Monday, 3 December 2012

Love and Loss

Mum aged about 58 with her cousins Keith and Michael


It would have been my mum's 70th birthday today (she died at 63) which has brought me to the theme of loss and how it has played a large part in my writing.

I hadn't realised how much loss figured in what I'd written until a colleague pointed it out to me. All but one of the stories I have had published in Woman's Weekly dealt with loss in one form or another, but I hadn't noticed! I suppose I was so busy enjoying writing them it didn't register.

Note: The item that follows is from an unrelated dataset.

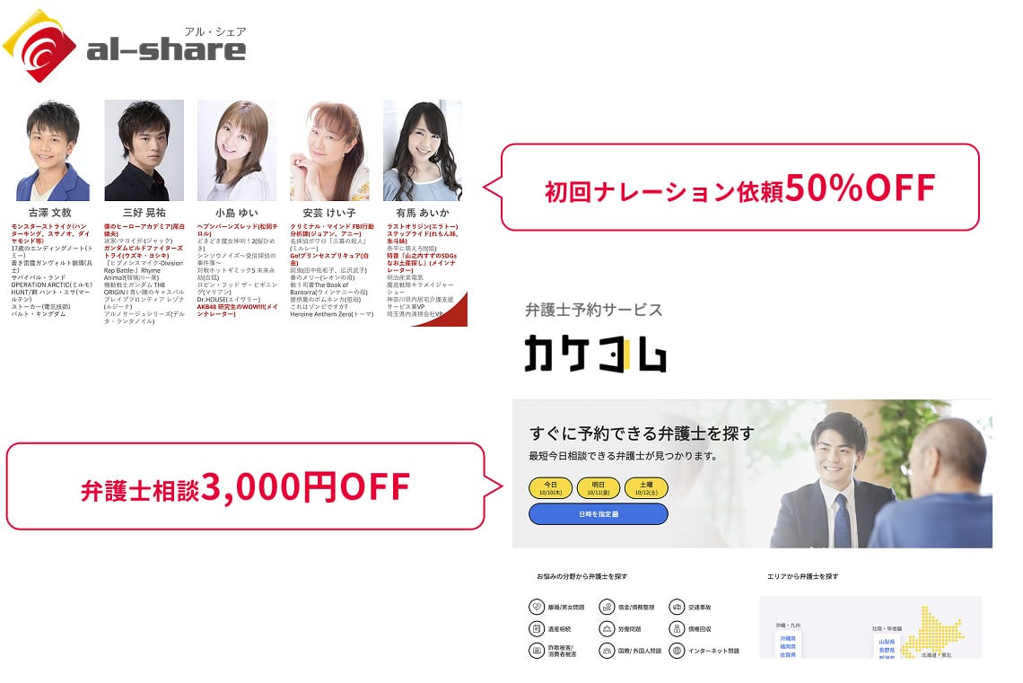 ナレーション依頼や弁護士相談などビジネスやクリエイティブ活動を支える各種サービスをお得に利用することができます。
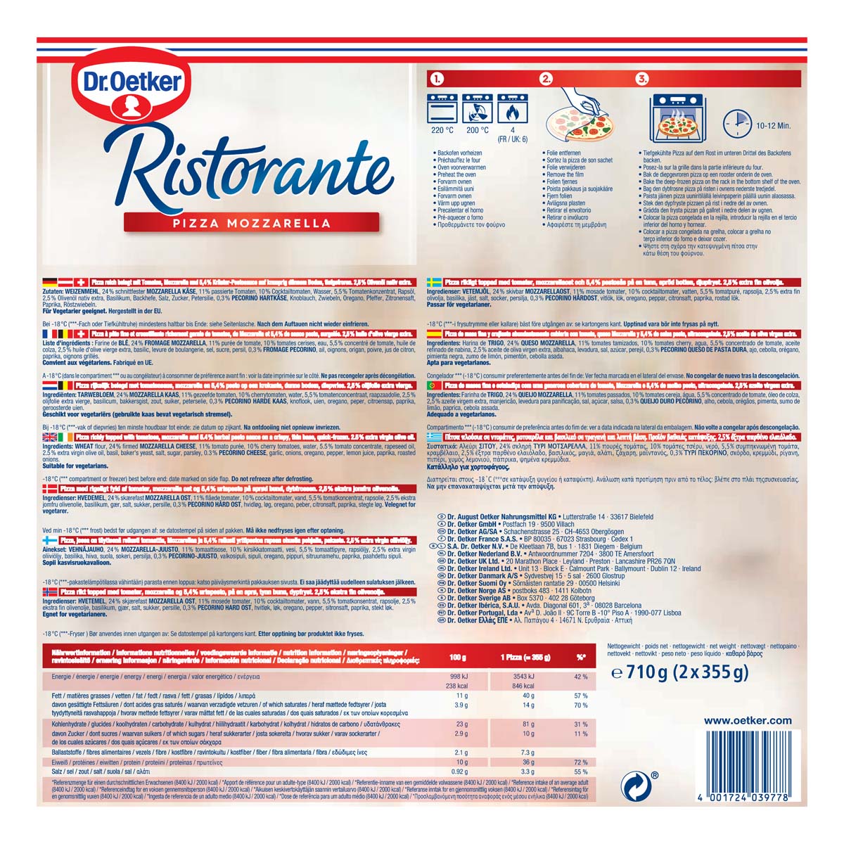 Η τραγανή και λεπτή ζύμη και η πλούσια επίστρωση από νόστιμα καλοδιαλεγμένα υλικά κάνουν την πίτσα Dr. Oetker Ristorante Mozzarella ακαταμάχητη για τους λάτρεις της ιταλικής πιτσαρίας. H πίτσα Dr. Oetker Ristorante Mozzarella περιέχει σάλτσα τομάτας, μοτσαρέλα, τυρί ένταμ και ένα συναρπαστικό μίγμα μπαχαρικών και βοτάνων.

There was the elderly father and daughter trying to keep their relationship together after losing the wife/mother (not autobiographical!); the woman trying to be strong as she left her dream home and life to look after her grandsons; the young woman revisiting the house where her mother committed suicide when she was a child; the old lady in a home who has lost her love and her life as she knew it; the newly-divorced man holding a birthday party for his child and steeling himself to welcome his wife's new partner into the house; the woman returning to meet her ex-husband at the place they holidayed as kids, having lost her younger sister... And then, hooray! One without a theme of loss! A woman looking for love as she works the summer in Greece doesn't have to look far as it follows her from home!

A strange thing happened, though. Once I had written all this loss out of my system, my inspiration for short stories suitable for Woman's Weekly dried up. I have only just made the link! I seem incapable of thinking up interesting storylines with a twist or surprise now that I have run out of loss!

I turned to writing erotica, to keep on being published and keep my confidence up, but am now - I think - ready to go for it with the new mainstream novel I've been plotting and hatching. It has several strands and one, I admit, is to do with loss, but I think I've moved on enough to have something else to write about.

So, Mum, Happy Birthday. You have given me a lot to write about. I wish so much you had been around to read it, but if you had been it probably wouldn't have been written or published. Such is life. And loss. And love.

Thanks for reading.  Do you have a recurring theme in your writing?